Finally, I initially aimed to independently sanity-check my Part I calculations via a BOTEC. This process led me to collect some additionally useful pieces of information
My overall methodology was as follows:
I first aimed to produce estimates of how much public health philanthropy takes place overall. I note this method assumes biosecurity is a subset of public health. For the reasons I state in ‘About’ this is quite flawed. However, most biosecurity spending that is not under the public health bracket are national security interventions that currently represent a small proportion of the total biosecurity spend according to my Part II calculations. Therefore, I felt this assumption was reasonable.
There was a lot of variance, so I used 5 different methods and produced an estimate by averaging these:
Method 1 involved finding a source on global giving in the US; the share of total philanthropic giving in the US; what proportion of global philanthropy the US represented (~50%), and then using this to estimate total public health philanthropy.

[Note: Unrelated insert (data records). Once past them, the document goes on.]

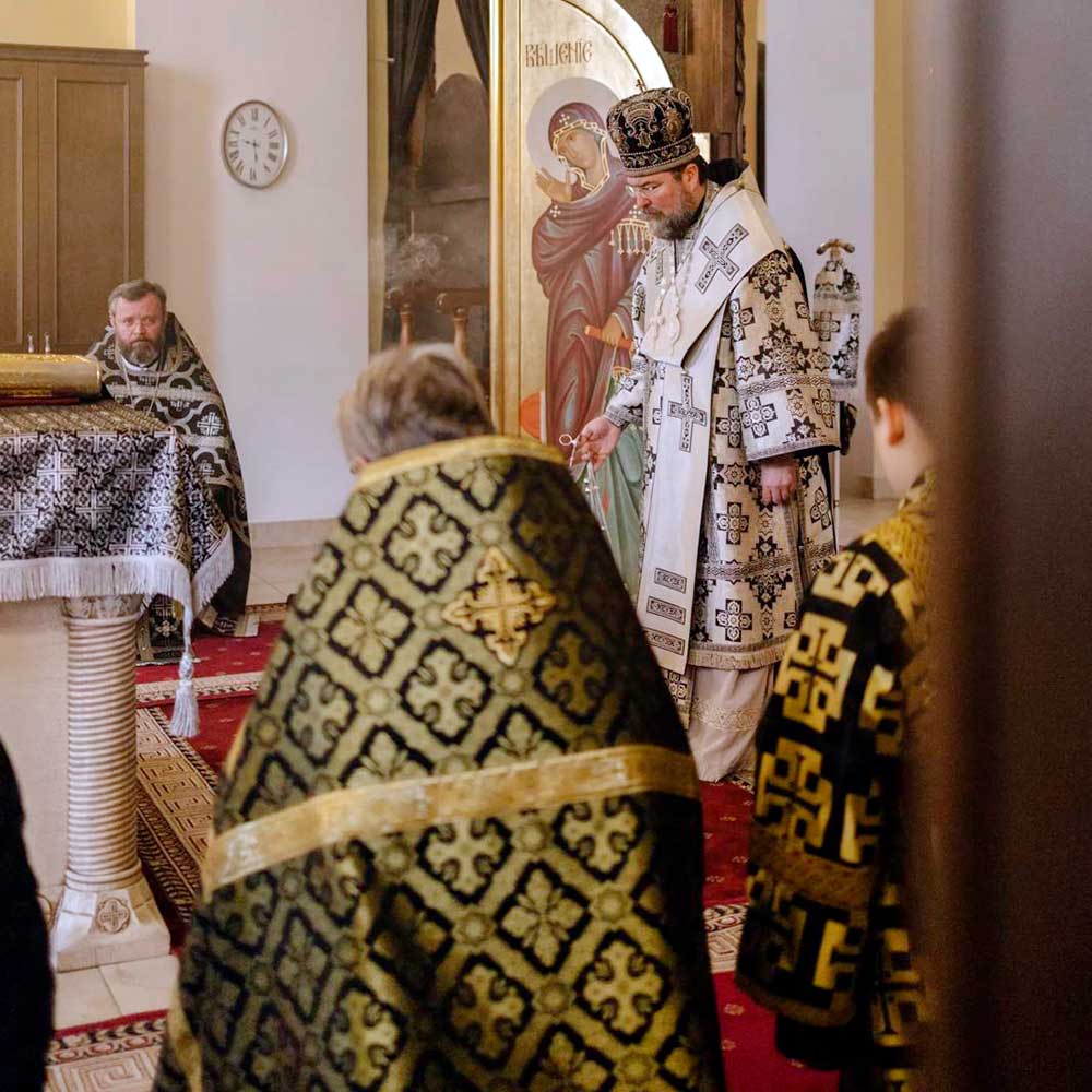 13 марта 2026 года, в пятницу 3-й седмицы Великого поста, день памяти преподобного Василия исповедника, Преосвященнейший Серафим, епископ Бобруйский и Быховский, совершил вечерню с Литургией Преждеосвященных Даров в Никольском кафедральном соборе г. Бобруйска.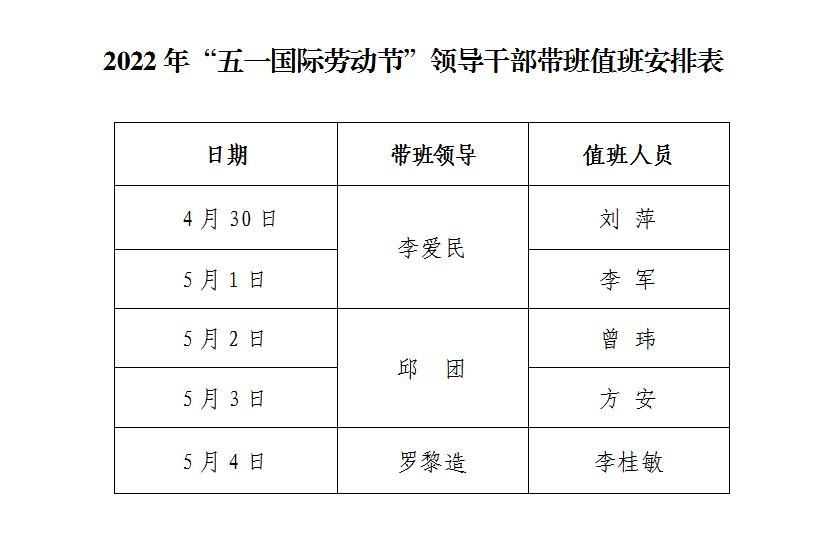 附件:2022年“五一国际劳动节”领导干部带班值班安排表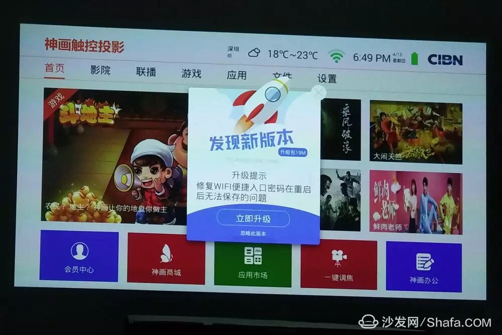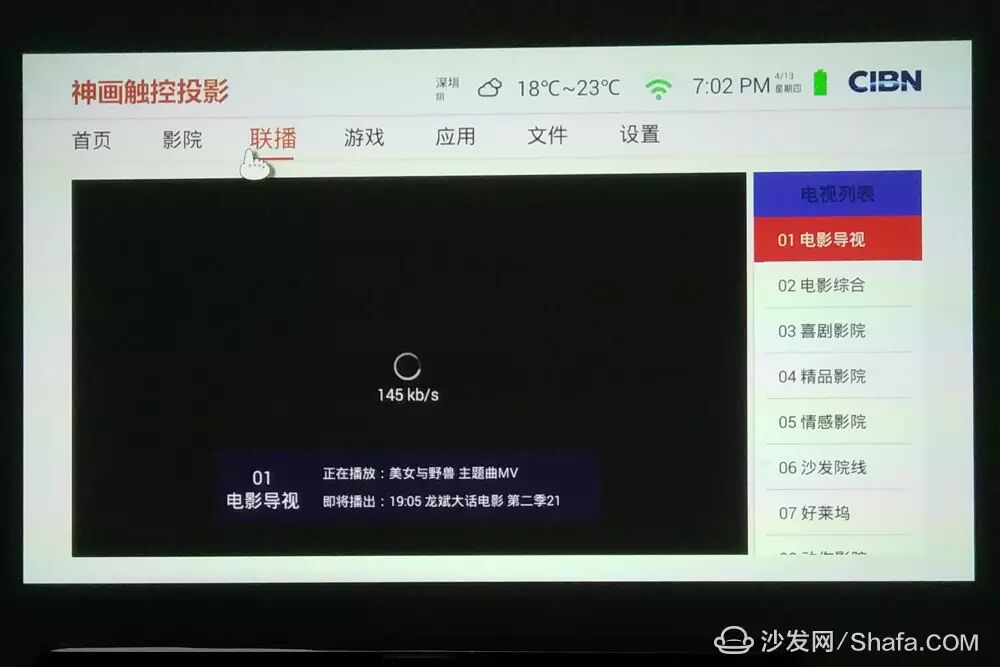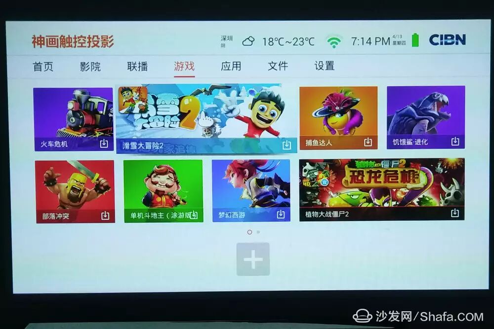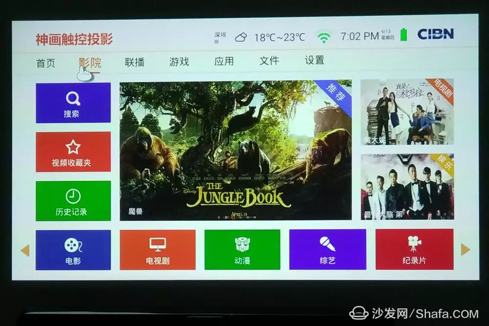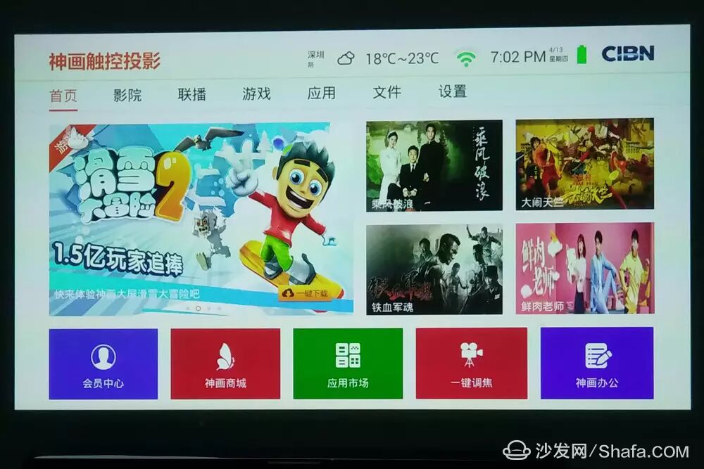 各个类目的内容排序也不尽相同!细心的网友相信已经观察到,顶端状态栏左侧一直显示的“神画触控投影”,用了神画产品,有对应的品牌展示是理所当然,右边的CIBN标识,则显示了神画不俗的实力,CIBN优质资源平台保驾护航,相信内置的影视资源少不了。

Method 2 involved estimating public health research spending, and then scaling this by the proportion of health research spending:health spending by the UK government. This was a very, very rough method, and is likely an overestimate as one would expect philanthropy to be overrepresented in health research spending versus object-level spending on healthcare by a lot.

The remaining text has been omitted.